Quienes abren nuevos caminos

En el final de esta serie de sugerencias no puedo obviar algunas lecturas producidas desde el ámbito del pensamiento y la pedagogía feminista, que han contribuido de manera sustancial (al igual que ha ocurrido con las cuestiones interculturales) a reclamar y producir ”lugares” nuevos desde el que plantear y analizar el (los) papeles y los discursos en torno al sujeto y la identidad en la educación. El artículo de Ana Mañeru ya presenta algunas referencias para ampliar estas lecturas, a las que quisiera añadir algunas otras. En primera lugar el libro de SANDRA ACKER (1995) Género y Educación. Reflexiones sociológicas sobre mujeres, enseñanza y feminismo (Narcea), parte de constatar la presencia de un amplio porcentaje de profesoras en todos los niveles del sistema educativo, lo que hace que los problemas de la educación, pasen de manera necesaria, por los problemas de las mujeres. Esto implica que no es posible abordar la cuestión de las identidades docentes, sin realizar una aproximación de género. Un acercamiento que no puede olvidar lo que reflejan algunas investigaciones sociológicos de los últimos treinta años: la ambigüedad de los roles de las mujeres que enseñan, las barreras y dificultades que encuentran para el desarrollo de su carrera docente, los modelos androcéntricos y patriarcales de las instituciones educativas, la construcción problemática del autoconcepto y la autoestima de las profesoras, las cargas familiares añadidas y los "triples turnos" y los procesos y discursos inquisitoriales y de culpabilización a las que se ven sometidas, y la débil autoconfianza que de todo lo anterior se deriva. En clave diferente, hay que destacar el libro en el que ANNA MARIA PIUSSI‑LETIZIA BIANCHI (1995) Saber que se sabe. Mujeres en Educación (Icaria) recoge las voces, la investigación interior de diversos colectivos de mujeres‑educadoras italianas, que nos brindan experiencias y reflexiones sobre el ser‑existir, el sentirse y el formarse. Estas narraciones, existenciales y eminentemente políticas, exploran la propia formación, desde una escritura en primera persona y desde un lenguaje propio, desde donde nos muestran las subjetividades que aparecen en las prácticas, los espacios, el conocimiento, las historias y las diferencias escolares.

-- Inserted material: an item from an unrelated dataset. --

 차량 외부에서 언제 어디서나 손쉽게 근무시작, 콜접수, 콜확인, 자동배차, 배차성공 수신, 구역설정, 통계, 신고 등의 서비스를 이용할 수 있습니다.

Entre las múltiples revistas sobre este tema destaco dos en las que pueden encontrarse artículos de Patrizia Violi: Diferencia y diferencias: la experiencia de lo individual en el discurso y en la práctica de las mujeres y Mercedes Bengochea: Lenguaje público y voz femenina, ambos en el número 190 de la Revista de Occidente (1997), dedicado al tema Contar la experiencia: mujer y subjetividad. Junto a los Julia Varela y Fernando Álvarez‑Uría: Sociología del género y Birulés‑Corral‑Larrauri‑Marçal‑rius: Fragmentos del discurso sobre la autoridad femenina que acompañan o otros textos que bajo el título Problemas de género han sido recogidos en Archipiélago (30, 1997).

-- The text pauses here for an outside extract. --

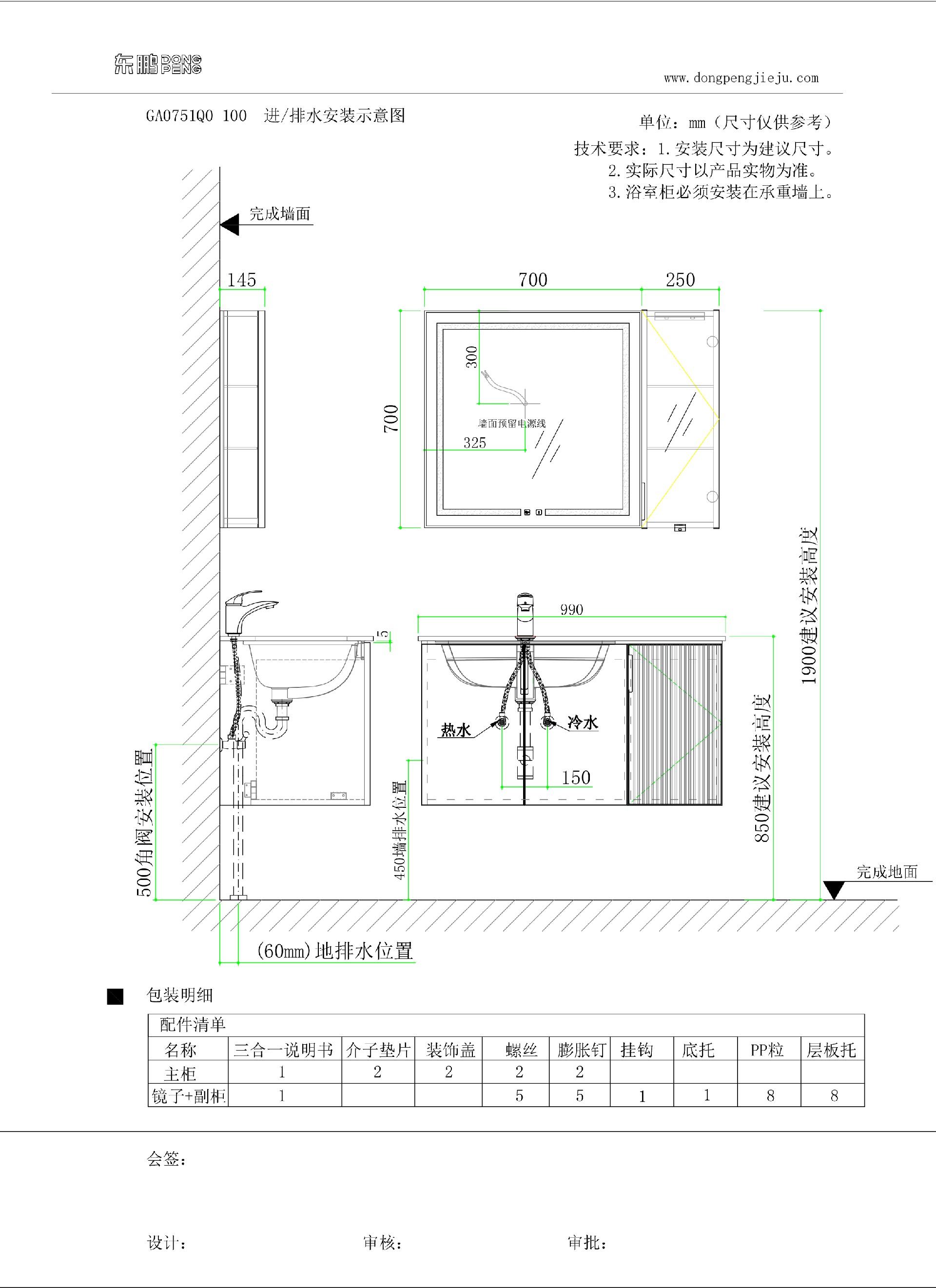 岩板+台下盆 GA0751T0_100 990x495x205mm

Con todo ello la lectora o el lector interesado puede comenzar a confeccionarse un menú de lecturas que, completado con sus propia selección, contribuyan a comprender mejor el papel de los/las sujetos en la sociedad contemporánea y su reflejo y proyección en la institución escolar.

 

Notas

 

(I)                Quede mi reconocimiento a Virginia Ferrer, Montse Rifá y Juana Sancho por la puerta abierta que me han brindado para algunas entradas de esta guía de lecturas con sus más extensas reseñas publicadas en F. HERNANDEZ (Comp.) (1998). La formación del profesorado. Barcelona, Praxis-Cuadernos de Pedagogía.